The events in the Kalmykian capital of Elista, however, will not be easily repeated in Moscow, 1,150kms (715 miles) away to the north. For one thing, Kalmykia is tiny: sheep outnumber people nearly nine to one. Its main industry is wool, though it does have some oil. Populated by a mix of Russians and Kalmyks - a vestige of the Mongol-Tatar empire - Kalmykia is merely one of nearly 90 administrative units that make up the sprawling, fractured entity known as the Russian Federation. The Kalmykian Supreme Soviet had only 125 members. The Congress, representing all Russia, has more than a thousand.
President Ilyumzhinov - like Mr Yeltsin - portrays people's deputies as an obstructionist remnant of the Communist order. They do represent old-thinking. But the ease with which he persuaded them to sign their own death warrants shows theirs is not the aggressive conservatism of the Moscow Congress but the passive one of men imbued with the most inviolable principle of Communism - obedience.
The next item on Mr Ilyumzhinov's agenda is to create a zone of unfettered capitalism and deliver on an election promise to turn Kalmykia into a 'second Kuwait'. He wants to shrink the bureaucracy by cutting the number of ministries from 25 to five.

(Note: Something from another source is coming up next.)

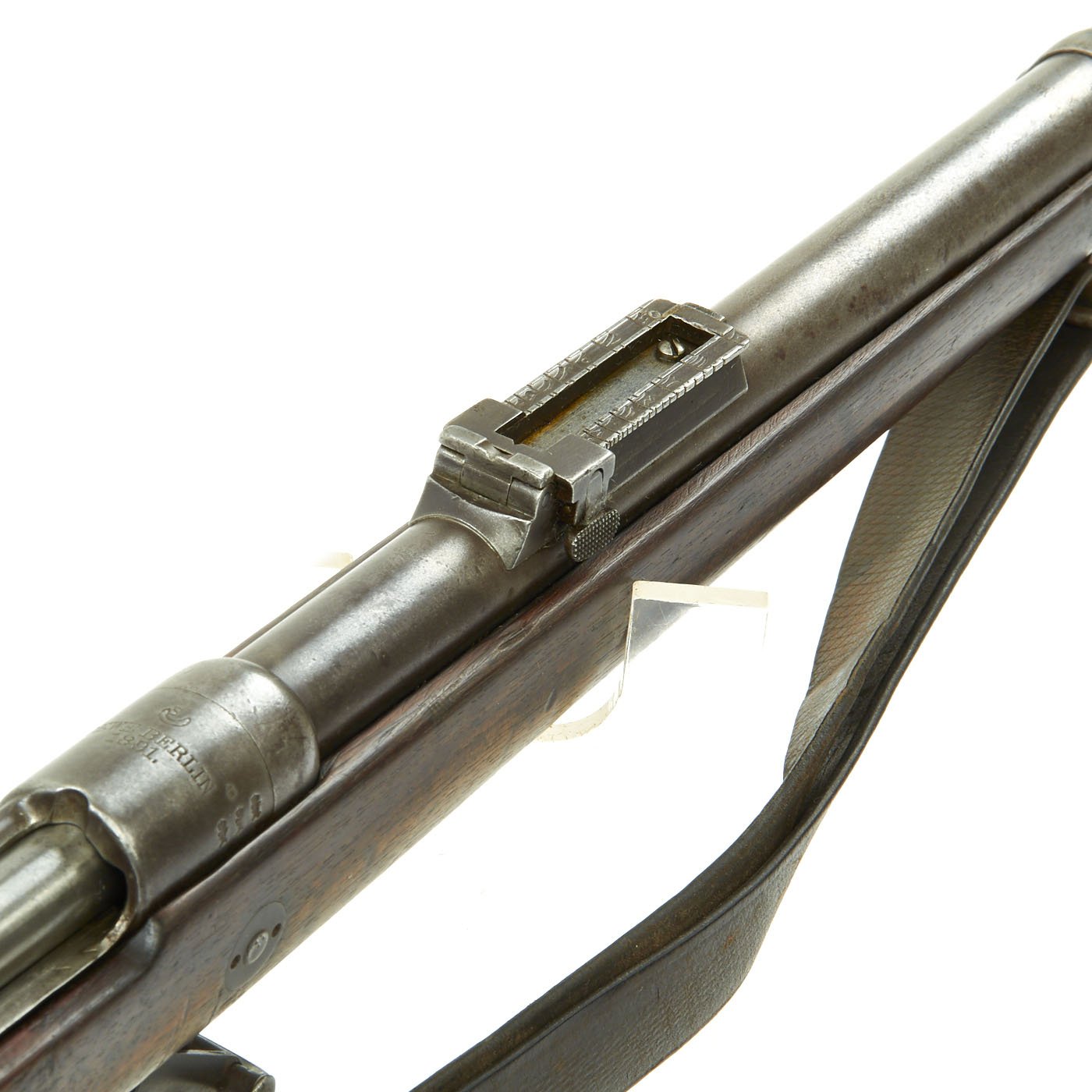 Fitted to the rifle is a very nice original German rifle sling, the type used on the Gewehr 88 and later Mauser Gewehr 98. It still has the correct parade loop, and is in really good shape, with lots of original cross hatching present. There is even an extra sling end clip attached to the front of the trigger guard.

Among those to go is the Security Ministry, though local secret policemen seem in no mood to give up their four-storey headquarters in the centre of Elista.

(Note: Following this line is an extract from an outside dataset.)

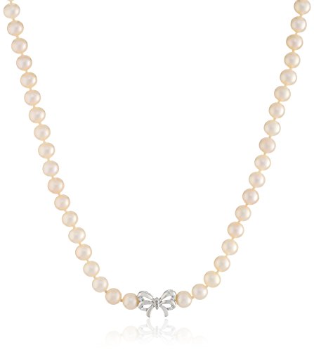 Compliment your feminine and classic style with this freshwater cultured pearl necklace strand. The pearl beads are accented along the bottom by a sterling silver bow that adds a sweetly-polished finish to the design.Feature

While insisting Kalmykia must stay part of Russia, he woos nationalists with a pledge to seize full economic independence. The republic, he says, will refuse subsidies from Moscow, which now account for about 90 per cent of the budget.
'I am not a politician,' explained the President. 'I am not a Communist. I am not a democrat. I am a capitalist. I want to raise the standard of living.' It was this theme - and a campaign promise to give families dollars 100 ( pounds 64) - that won him a landslide victory in presidential polls in April. He got 65 per cent of the vote. His rival, a deputy commander of Russian ground forces, won 29 per cent.